Clearly the child wasn’t genuinely burning or anywhere near it, but it got me thinking …

How many of us tolerate ongoing discomfort on a daily basis without taking action to change things? How many people speak to friends and family about how demoralising is their job, or how disrespectful is their relationship, then get up the next day and tolerate it all over again. How many adults suffer weeks, months and years of repetitive, joy-less ‘burning, burning, burning …’ in their life expecting someone else to show up and rescue them? Far too many is the answer.

The dictionary defines tolerating as ‘allowing the existence, occurrence, or practice of something that one dislikes or disagrees with without interference’. So why do we do that? Where do we learn that that’s ok?

In my experience there are 2 main reasons: the first is that we’ve seen tolerating modelled to us from a young age (parents in an unhappy marriage for example) or society tells us there’s one right way (‘divorce would be failing’) and we haven’t thought to challenge those models; and the second is that tolerating creeps up on us so slowly and over such an extended amount of time that we’ve forgotten that the contrasting experience really exists.

Whatever the reason, if you’re reading this and you’re an adult tolerating stressful, depressing, disrespectful days on end, then it’s time to stop it. And the first step’s already occurred – you’ve noticed. Sometimes that’s all that needs to happen because then you’ll begin to spot that choices are available to you.

Choosing not to tolerate means making a choice for change.

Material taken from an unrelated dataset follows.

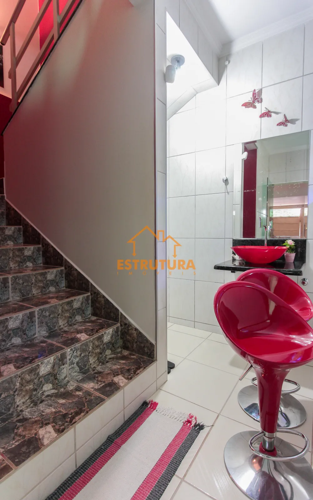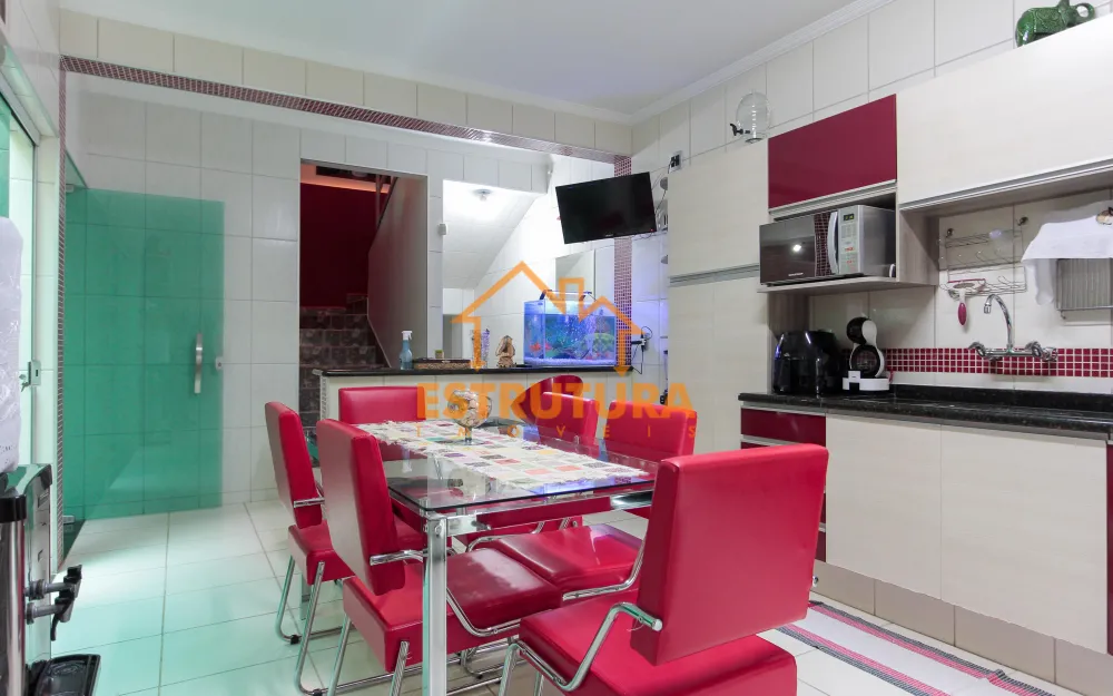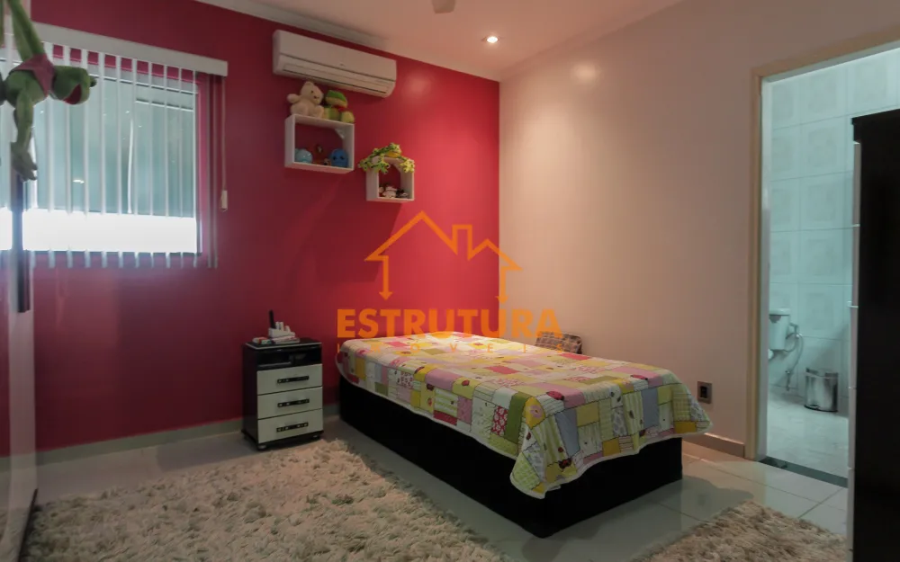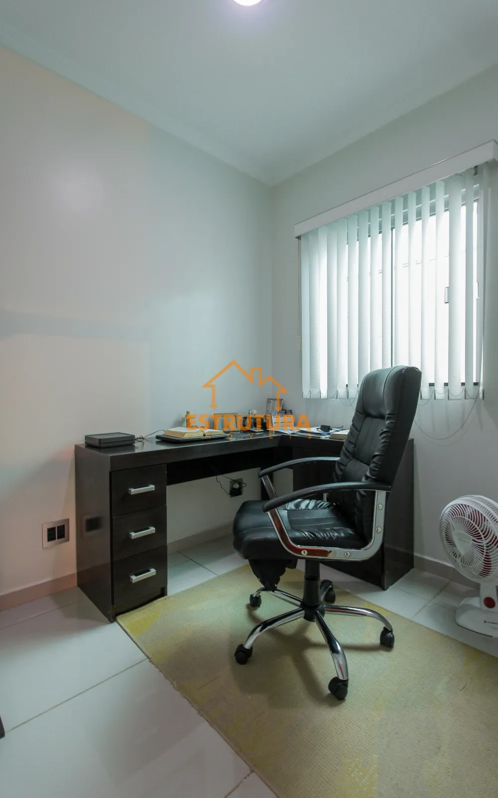 Casa contendo garagem coberta para 2 carros, area de luz, cozinha e sala de jantar integradas, sala de tv, escritório, 2 dormitórios sendo ambos suites, banheiro social, lavanderia, 3 quartos de despejo e entrada social.

And change doesn’t have to be sudden, severe or painful – I’m not advocating job quitting or relationship ditching (although they could be valid choices – only you’ll know). I’m saying this:
  • Start to pay attention to your discomfort
  • Use it to create a contrasting thought (eg. if I DON’T want to be given the routine tasks at work every day, it means I DO want to get involved with some special projects. Do you feel the empowerment of shifting a don’t to a do?)
  • Write down the outcome you want to achieve (it’s good to be reminded should you have some weaker moments)
  • Take action (talk to someone, research your choices, skill yourself up to get the result you want, be patient (your partner might take a while to get up to speed) and be persistent (don’t go back to how things were)
  • Review every day whether your thought changes, new conversations and action taking are getting you closer to the vision
You’re a valuable, smart, worthy human being. Choose every moment to believe that. When you stand up for happiness, you’ll be surprised who’ll show up to stand with you.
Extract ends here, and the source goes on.